Scott credits the Athens Area High School Future Farmers of America with helping to not only keep area farms in the area running but keeping young people interested and up to date on the changing face of farming. In addition to learning about farming, these students are also learning a work ethic that has already shown to benefit them in future jobs. When a potential employer looks at a resume and reads that a young person has worked on a farm, they know they are a hard worker, Scott said.
“Every one of the kids that have used me as a reference has been hired at the post high school job choice,” he said.
“Pride, passion, stubbornness and stupidity all play a part of why I am still farming. I have pride in my craft and ability to still make this life work even with everything working against me. I have passion for my animals and my crops.”
– Scott Walrath, farmer, East Smithfield, Pa.
Scott doesn’t want to give up on farming. He wants his children to grow up the same way he did – getting much of their food from their backyard, climbing tress and milking cows and splashing through the mud and catching fireflies in the summer.
“I want to raise my kids here ,” he said, as he turns his tractor into an empty field to spread manure and prepare the soil for planing later in the season. “The joys of raising a family on the farm is the closeness we have.
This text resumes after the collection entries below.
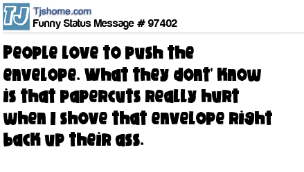 X People love to push the envelope. What they dont' know is that papercuts really hurt when I shove that envelope right back up their ass.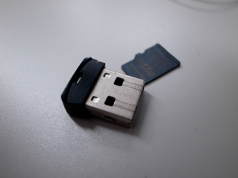 3年ほど前に買った、コンパクトなmicroSD専用リーダー/ライターです。キャップは既に失くなってしまいました^^;microSDカードがUSBコネクタに収...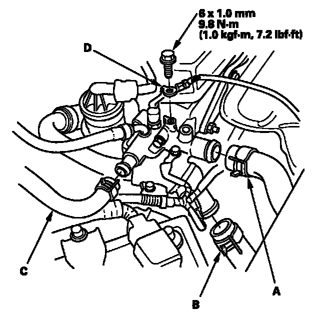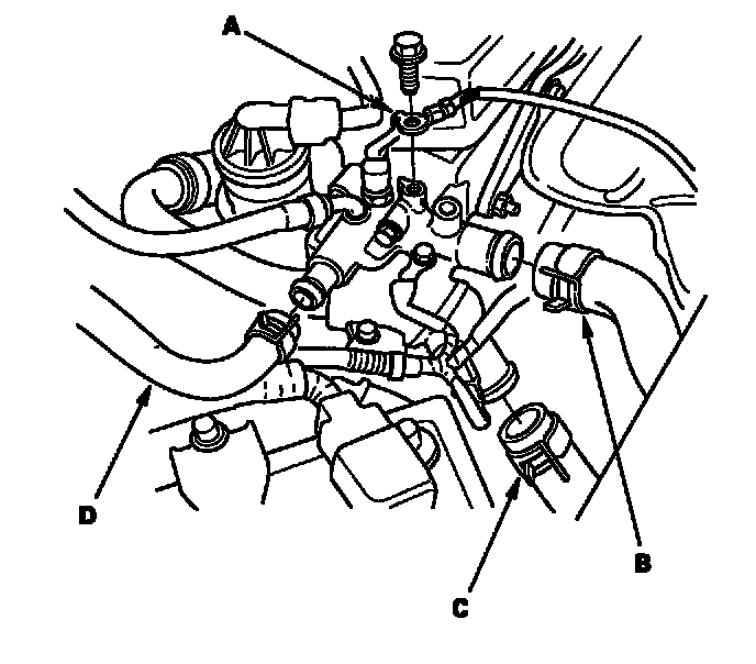 22. Install the upper radiator hose (A), lower radiator hose (B), heater hose (C) and ground cable (D).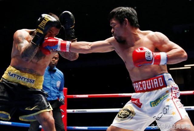 其实我们忽略掉最重要的一个问题就是,马特西和帕奎奥从根本上,就不是一个层次的拳手,巅峰时期的马特西也没有拿到过一条,四大拳击组织里的金腰带,而帕奎奥贵为八个级别的世界拳王,前无古人后无来者,拳击历史上第一人,虽然已过巅峰,但瘦死的骆驼比马大,技术尚存,这也是为何场面如此的一边倒,比赛中马特西也打出了很多重拳,但都被帕奎奥巧妙的移动化解,每次出后手拳都被狠狠的迎击,有力无处使,这就是技术。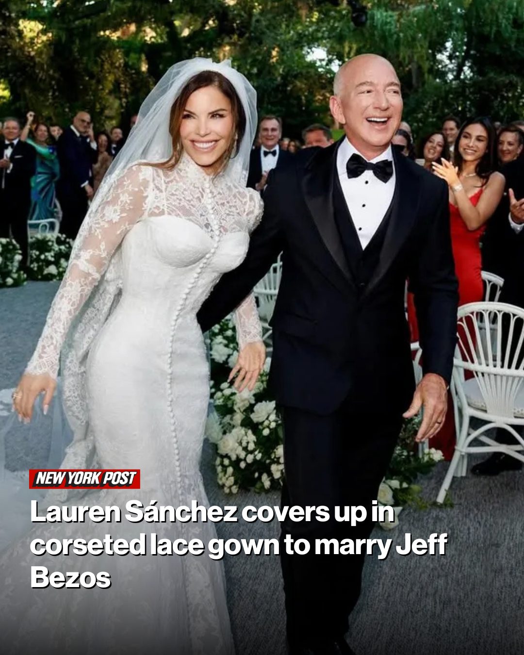 Lauren Sánchez married Jeff Bezos in a lavish Italian ceremony in Venice on Friday, walking down the aisle in a lace long-sleeved Dolce & Gabbana gown.

The kids can ride in the tractor with me, go to the barn with me and when there is hay or other work to be done there is nothing like all of us pitching in and getting the job done, even if it’s until the middle of the night.”
His children, like many children who grow up on a farm, will always know the value of a dollar and what hard work really is, he said.
“They get to experience so many of God’s wonders from the birth of the animals, to animal husbandry, to building things, to growing our own food,” Scott said. “My kids never say that they are bored and don’t need video games to keep them entertained. One of the biggest things I teach them is common sense, which is very lacking in society today.”
Scott knows continuing to farm doesn’t look like the wisest choice to some.
“Stupidity also plays a role – a big role,” he says about his determination to continue the farm. “My body is breaking down early, I rarely get time off, and my stress level is at an all time high. I am sure a 40 hour a week job would be better for my sanity and my health, but I am not made that way. I don’t think I would know what to do with myself if I didn’t have something to pour my mind, body and soul into.”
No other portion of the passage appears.